Along with some other dings and dangs, this comes pretty near to my idea of a p2p search machine - and yacy is the nicest foundation i have found so far. :)
Re: Planet - Solar System - Deep Space

Beitragvon tinkerphone » Fr Okt 17, 2014 10:59 am

Oh ha!:
Orbiter hat geschrieben:Die Funktion ist schon da!
Bitte im Expert Crawl Start unter dem Abschnitt "Document Filter" den regulären Ausdruck für "Filter on Content of Document" benutzen.

Wenn du nur ein Wort "wort" filtern willst, dann ist der Ausdruck dort ".*wort.*". Wenn es zwei Wörter "wort1" und "wort2" sind, dann ist der reguläre Ausdruck ".*wort1.*|.*wort2.*". Reguläre Ausdrücke kannst du zur Vorbereitung eines geeigneten Filters unter /RegexTest.html testen.

This means that the function to "send deep space probes" is already there! If you use the document filter in the expert crawling section the crawler will only send those urls to the indexer which contain the phrase.
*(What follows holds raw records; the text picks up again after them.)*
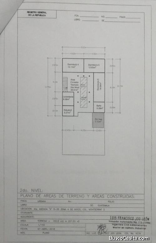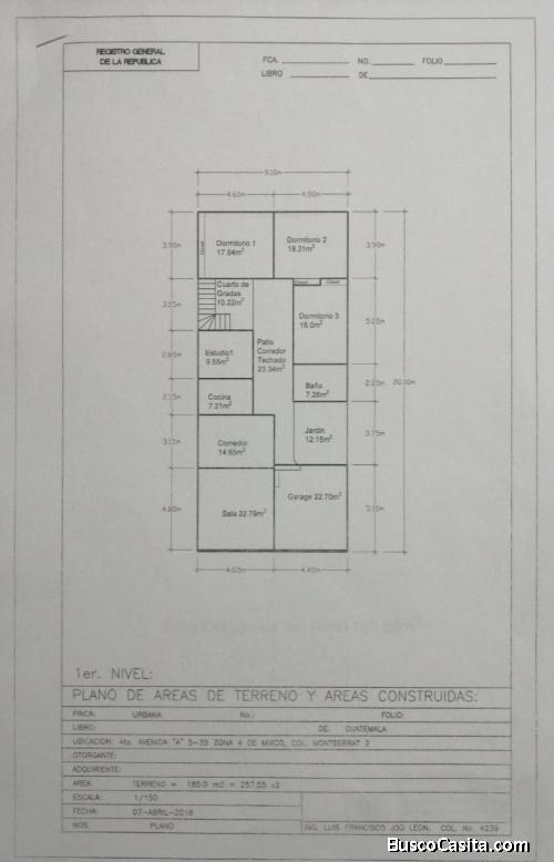 Casa de 9.10 * 20.00 mts, primer nivel, sala, comedor, cocina pequeña, garaje para dos carros compactos, baño, tres habitaciones, gradas con área de almacenaje, patio, segundo nivel, sala familiar pequeña, tres dormitorios, un baño, lavandería, bodega y patio, todos sus servicios al día, recién pintada
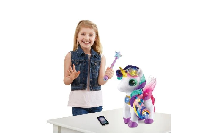 Gebruik de toverstaf en kies een kleur voor Styla’s ogen, bloem, hoorn, manen of vleugels! Blaas een kusje naar haar bloem en zie deze bloeien en oplichten in mooie kleuren. Druk op de knipperende amulet of raak haar neus aan voor leuke activiteiten en zie haar vleugels op magische wijze bewegen! Verander de stijl van haar eenhorn-manen en voeg leuke haarclipjes toe! Wordt inclusief 2 AA-batterijen geleverd in try-me verpakking. Geschikt voor kinderen vanaf 4 jaar.
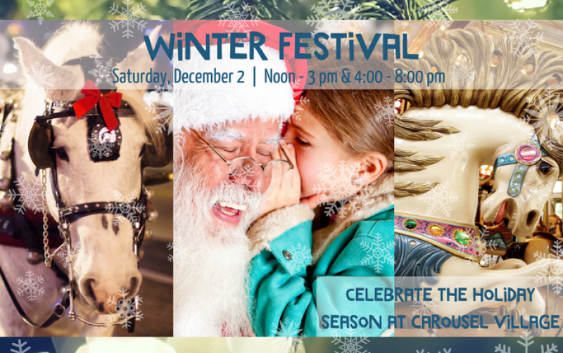 During the evening, 4:00 – 8:00 pm, join with friends and family take a horse drawn hayride through the park, visit Santa, see a dazzling holiday light display, enjoy a variety of food carts, sip some hot cocoa and get into the festive mood on the historic Carousel! All ages welcome.
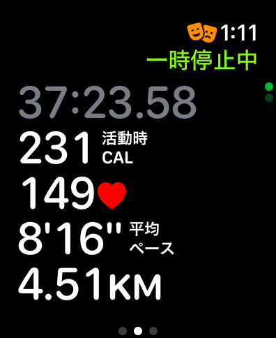 総歩数は5,863歩、4.45kmを37分55秒、8分30秒/kmのペースでした (^^)
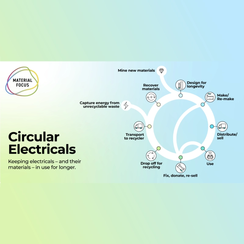 Material Focus is a not-for-profit organisation whose goal is to stop the nation throwing away or hoarding all their old, small electricals. Material Focus is delivering the UK-wide Recycle Your Electricals campaign. The campaign is revealing the value hidden in electricals and is making it easier for us all to recycle and reuse the small electricals we no longer need by providing more recycling points as well as providing practical information on how households can reuse and recycle.
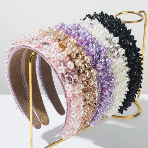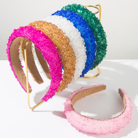 Bandeau en éponge à larges bords baroque de style européen américain nouveau bandeau simple à la mode en pierre de cristal
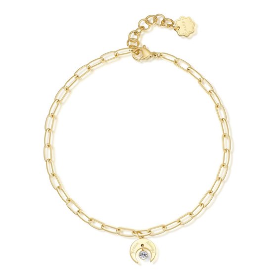 LUNA CRESCENTE: CRESCITA, SCELTA, POSITIVITÀ INCISIONE: Dream always (fronte) La luna crescente è la fase in cui si ha voglia di fare e di osare, si delineano nuovi obiettivi, si affrontano sfide e si fanno scelte importanti per la propria vita. È un simbolo di energia che infonde benessere e positività. Cavigliera in acciaio 316L, finitura color oro con pendente a forma di luna con incisione e cristallo crystal
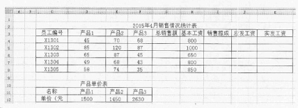 在Excel的Sheetl工作表的C2:K8单元格和C10:F12单元格区域内分别创建“2015 年4月销售情况统计表”和“产品单价表”(内容如下图所示)。按题目要求完成后, 用Excel的保存功能直接存盘。
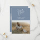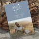 Announce your special day with these minimalist modern cards with a handwritten calligraphy script Save The Date against a dusty blue background. Easily customise your personal information and photo on the front and back to make it your own.
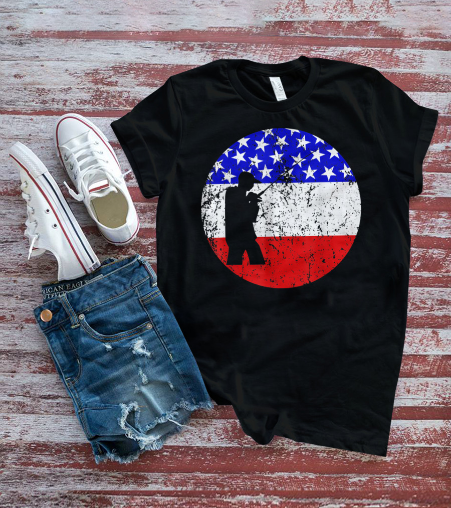 American Flag Vintage Fisherman Silhouette Rustic Retro Fishing T-Shirt
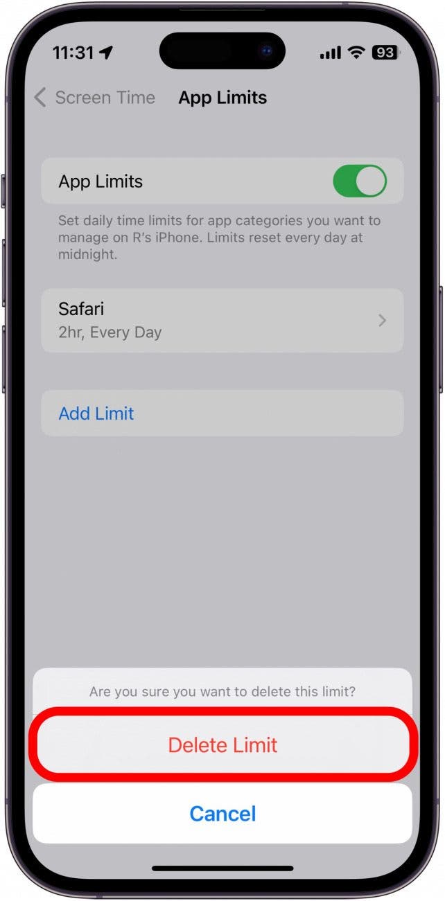- Tap Delete Limit to confirm.
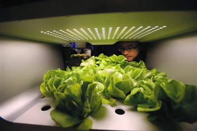 据项目负责人介绍,在这种种植机里生长的蔬菜比在自然土壤中生长时间缩短一倍,比如生菜,从种到收半个月就可以完成。
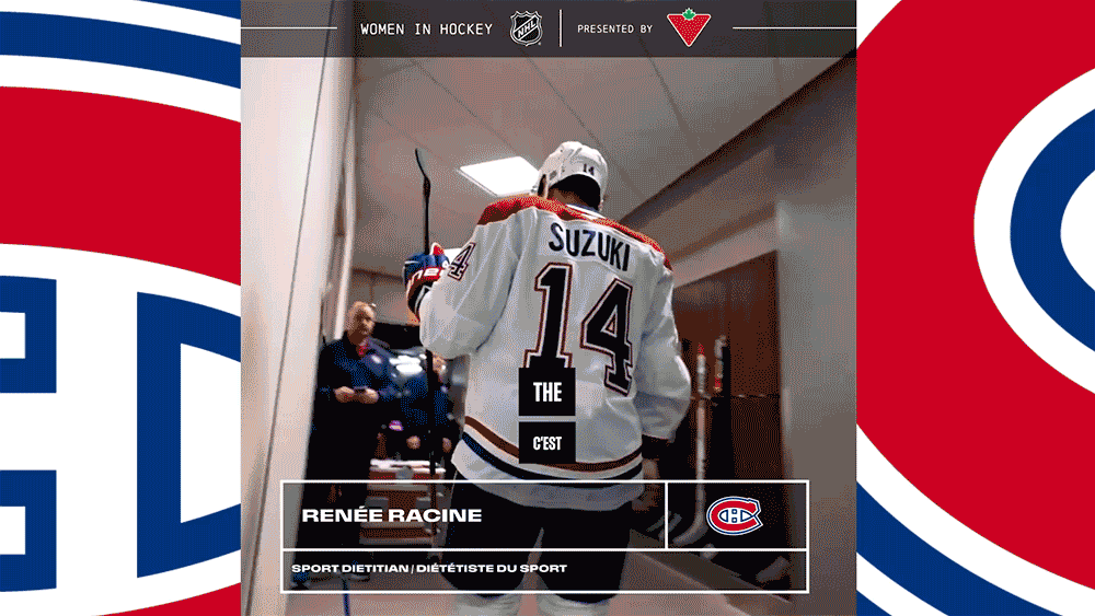 * Renée Racine is the Canadiens’ sports dietitian and will be highlighted ahead of Montreal’s game as part of the Women in Hockey presented by Canadian Tire spotlight. Racine works with players to optimize their nutrition for performance and recovery – she supports individual and team needs through menus for the rink, hotels and flights.
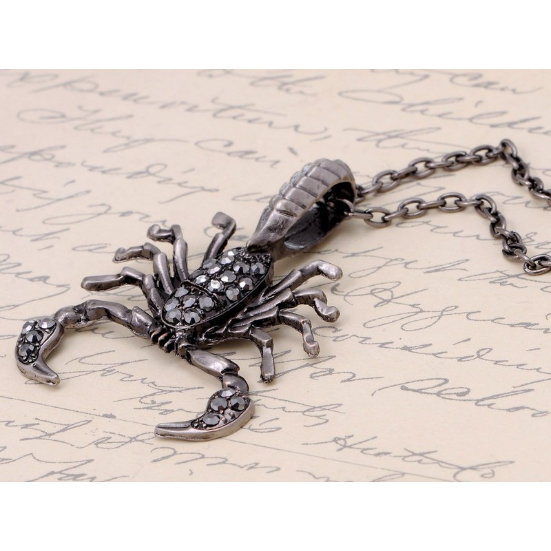 Alilang Antique Silvery Tone Grey Rhinestones Scorpio Scorpion Pendant Necklace
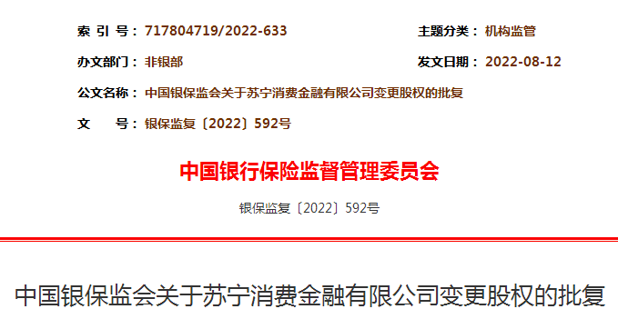 【大河财立方消息】8月23日,银保监会批复,同意南京银行受让苏宁易购持有的苏宁消费金融有限公司36%股权和江苏洋河酒厂持有的苏宁消金5%股权,法国巴黎银行受让苏宁易购持有的苏宁消金3%股权。
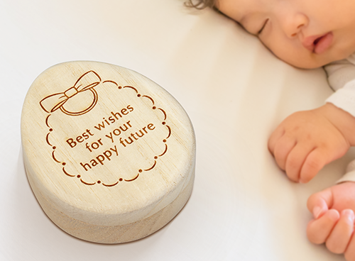 ● 桐素材が臍帯箱内の湿度を調節し一定の状態に保つため、臍の緒をきれいに保管できます。
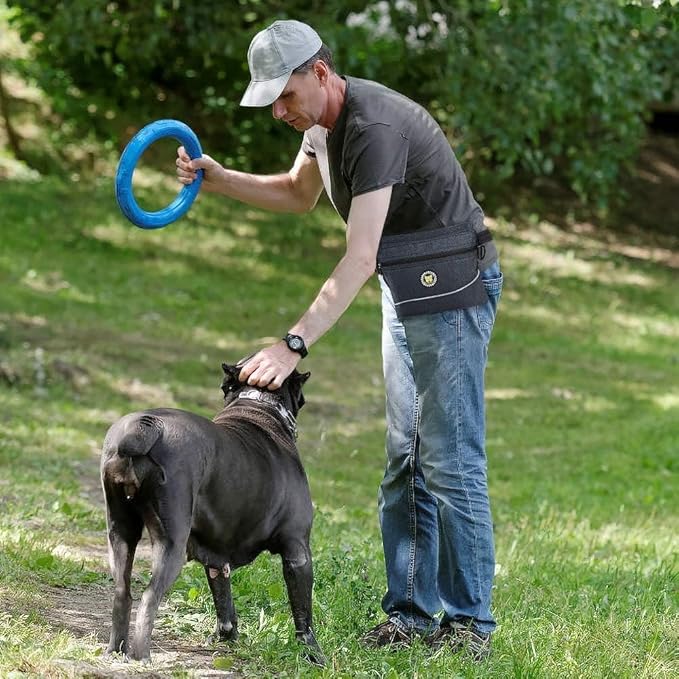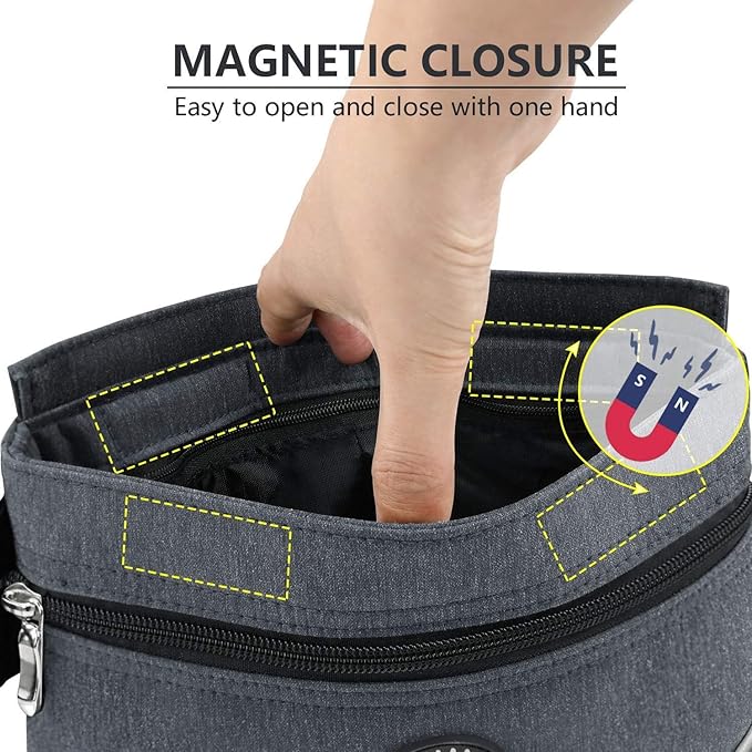 Viklluyr Dog Treat Pouch with Magnetic Closure, 2 Zip Pockets, Removable Inner Pocket, Padded Shoulder Strap, Perfect Food Bag for Agility Training - Including Carabiner
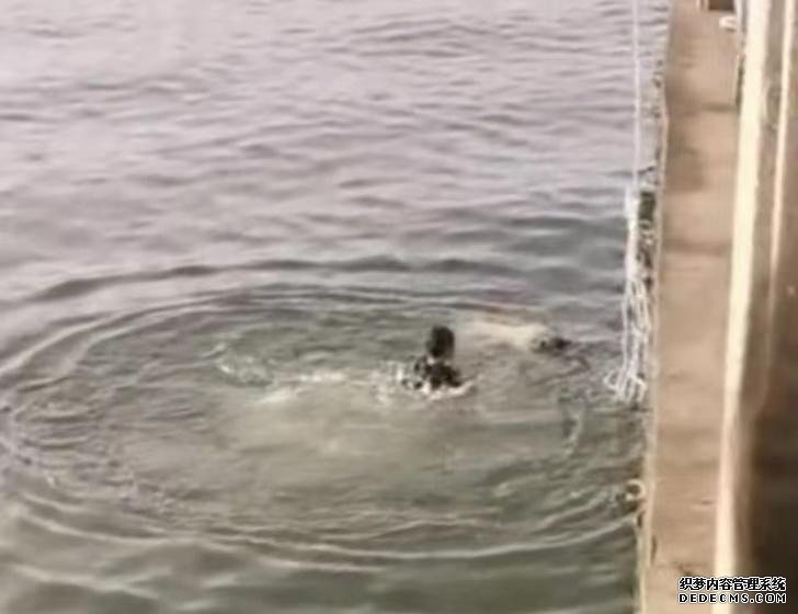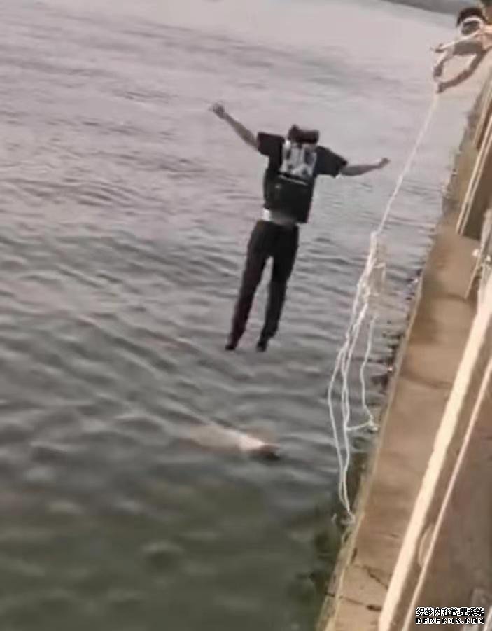 贺益翻越护栏纵身一跃,跳水救人。
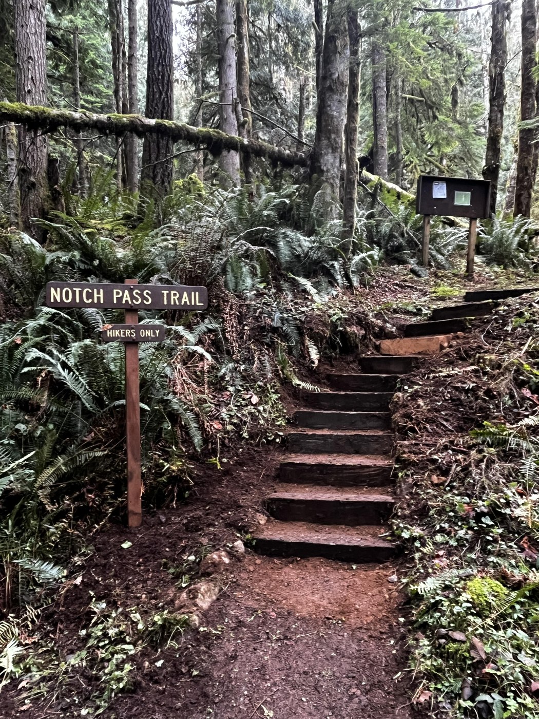 Notch Pass is a lovely trail that WTA worked on yesterday (1/26/26). Our crew focused on rebenching the tread and clearing organics from the trail surface to improve drainage. A previous work party had already brushed back the dense ferns, so we removed the cut vegetation from the trail corridor as well. We also cleared two logs from the trail—one using a crosscut saw and another with an axe since it was rotten and waterlogged.
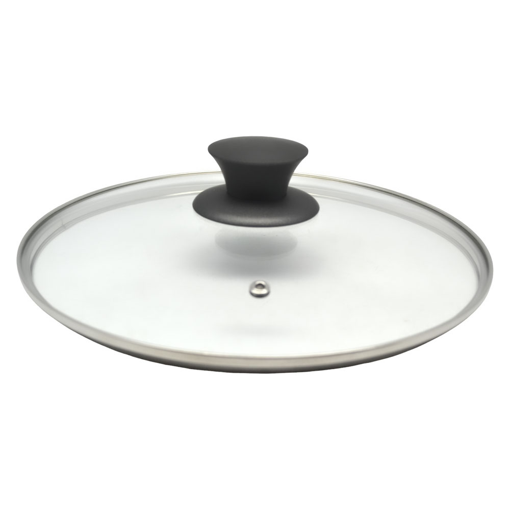 Γυάλινο πυράντοχο καπάκι, για σκευή 28εκ.,το οποίο περιβάλλεται από ανοξείδωτο στεφάνι. Η λαβή του είναι από αντιολισθητικό βακελίτη σε μαύρο χρώμα προσφέροντας άνεση κατά τη χρήση και αντιθερμική προστασία. Είναι κατάλληλο για το πλυντήριο πιάτων.

It would be great if we could have separated indexes for those cases.

This could have following benefits:
1. Your "special" queries can stay confident, the separated index can be excluded from DHT
2. Very simple to verify results from this special query - they are in a separate index
3. Easy and understandable workflow if you want to crawl the complete specific domain where the hit was.
4. A mysterious sounding and very useful feature for the frontend
-> Sorry, no results found
-> "Send Deep-Net Probe".
You can get a notification to your email when the probe returns.
() Keep my query confident.
(x) Send me a link to my query with the notification.